▶ [WHAT YOU HAVE TO DO] Data follows below. Repeat exactly the lines between the line holding "घनसालीः उत्तराखंड में" and the line holding "In addition to", inclusive, and nothing more; drop pictures.

▶ [DATA]
- - - -
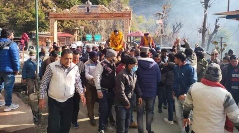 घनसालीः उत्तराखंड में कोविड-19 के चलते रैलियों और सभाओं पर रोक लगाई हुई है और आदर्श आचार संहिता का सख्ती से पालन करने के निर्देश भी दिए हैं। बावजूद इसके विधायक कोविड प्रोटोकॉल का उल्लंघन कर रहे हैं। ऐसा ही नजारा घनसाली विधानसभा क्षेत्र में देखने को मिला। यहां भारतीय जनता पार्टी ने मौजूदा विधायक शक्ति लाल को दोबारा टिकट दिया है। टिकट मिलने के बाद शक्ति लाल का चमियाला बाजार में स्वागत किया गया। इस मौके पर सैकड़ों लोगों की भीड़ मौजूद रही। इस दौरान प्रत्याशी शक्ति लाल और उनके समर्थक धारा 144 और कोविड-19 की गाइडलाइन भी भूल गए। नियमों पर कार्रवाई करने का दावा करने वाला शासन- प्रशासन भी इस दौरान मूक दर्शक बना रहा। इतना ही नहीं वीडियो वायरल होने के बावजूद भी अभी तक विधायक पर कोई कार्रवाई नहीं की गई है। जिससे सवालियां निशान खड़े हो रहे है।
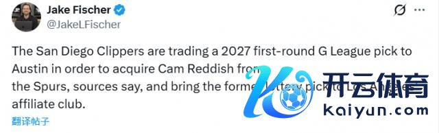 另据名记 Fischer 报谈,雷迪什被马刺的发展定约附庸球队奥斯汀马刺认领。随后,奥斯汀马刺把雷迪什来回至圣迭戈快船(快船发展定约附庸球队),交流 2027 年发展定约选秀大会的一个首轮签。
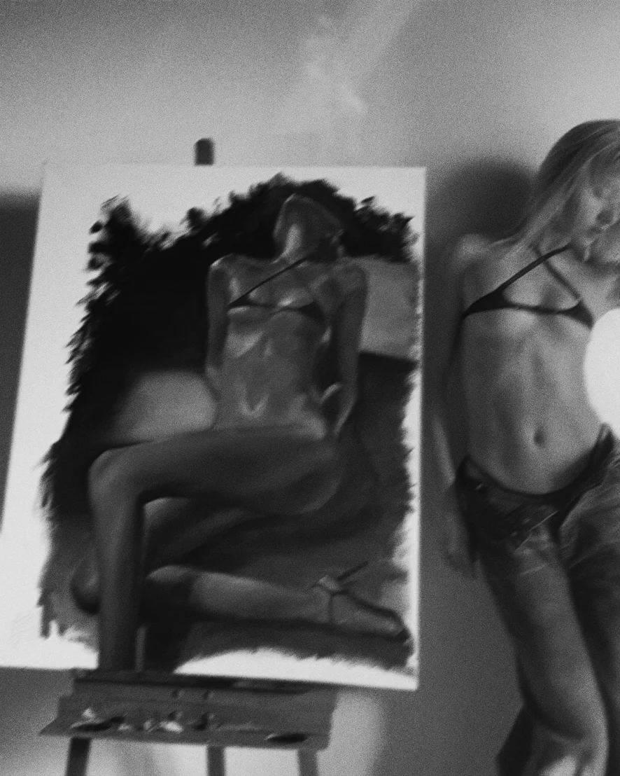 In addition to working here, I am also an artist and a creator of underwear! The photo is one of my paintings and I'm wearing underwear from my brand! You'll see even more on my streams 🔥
- - - -
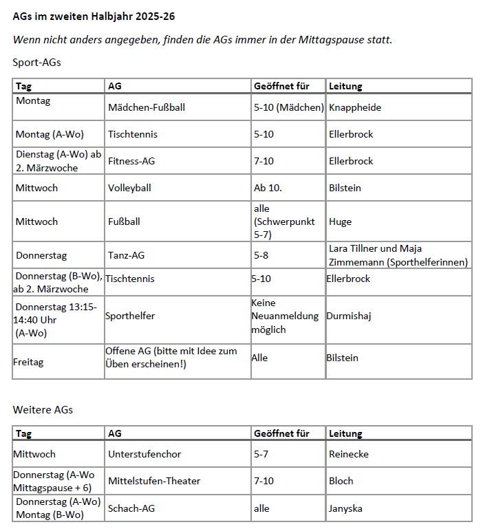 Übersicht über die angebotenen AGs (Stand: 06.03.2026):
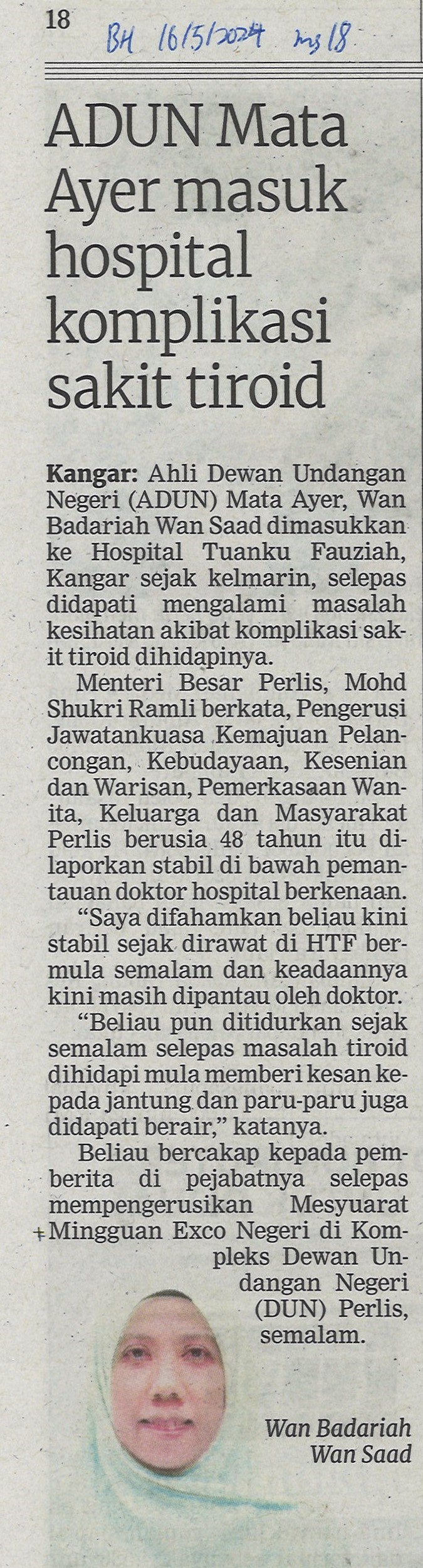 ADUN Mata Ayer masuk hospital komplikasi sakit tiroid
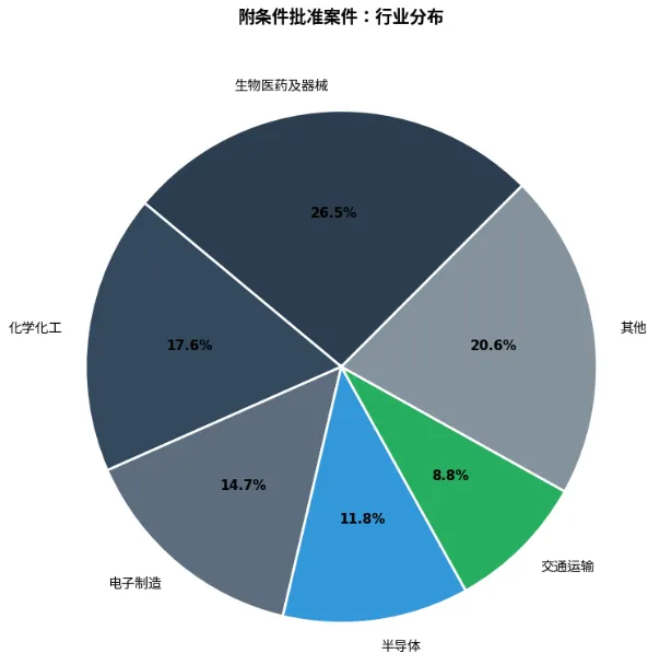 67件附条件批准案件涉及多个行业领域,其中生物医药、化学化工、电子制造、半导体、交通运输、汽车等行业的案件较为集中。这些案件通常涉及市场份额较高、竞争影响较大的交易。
- - - -
▶ [SOLUTION TO THIS TASK]
 घनसालीः उत्तराखंड में कोविड-19 के चलते रैलियों और सभाओं पर रोक लगाई हुई है और आदर्श आचार संहिता का सख्ती से पालन करने के निर्देश भी दिए हैं। बावजूद इसके विधायक कोविड प्रोटोकॉल का उल्लंघन कर रहे हैं। ऐसा ही नजारा घनसाली विधानसभा क्षेत्र में देखने को मिला। यहां भारतीय जनता पार्टी ने मौजूदा विधायक शक्ति लाल को दोबारा टिकट दिया है। टिकट मिलने के बाद शक्ति लाल का चमियाला बाजार में स्वागत किया गया। इस मौके पर सैकड़ों लोगों की भीड़ मौजूद रही। इस दौरान प्रत्याशी शक्ति लाल और उनके समर्थक धारा 144 और कोविड-19 की गाइडलाइन भी भूल गए। नियमों पर कार्रवाई करने का दावा करने वाला शासन- प्रशासन भी इस दौरान मूक दर्शक बना रहा। इतना ही नहीं वीडियो वायरल होने के बावजूद भी अभी तक विधायक पर कोई कार्रवाई नहीं की गई है। जिससे सवालियां निशान खड़े हो रहे है।
 另据名记 Fischer 报谈,雷迪什被马刺的发展定约附庸球队奥斯汀马刺认领。随后,奥斯汀马刺把雷迪什来回至圣迭戈快船(快船发展定约附庸球队),交流 2027 年发展定约选秀大会的一个首轮签。
 In addition to working here, I am also an artist and a creator of underwear! The photo is one of my paintings and I'm wearing underwear from my brand! You'll see even more on my streams 🔥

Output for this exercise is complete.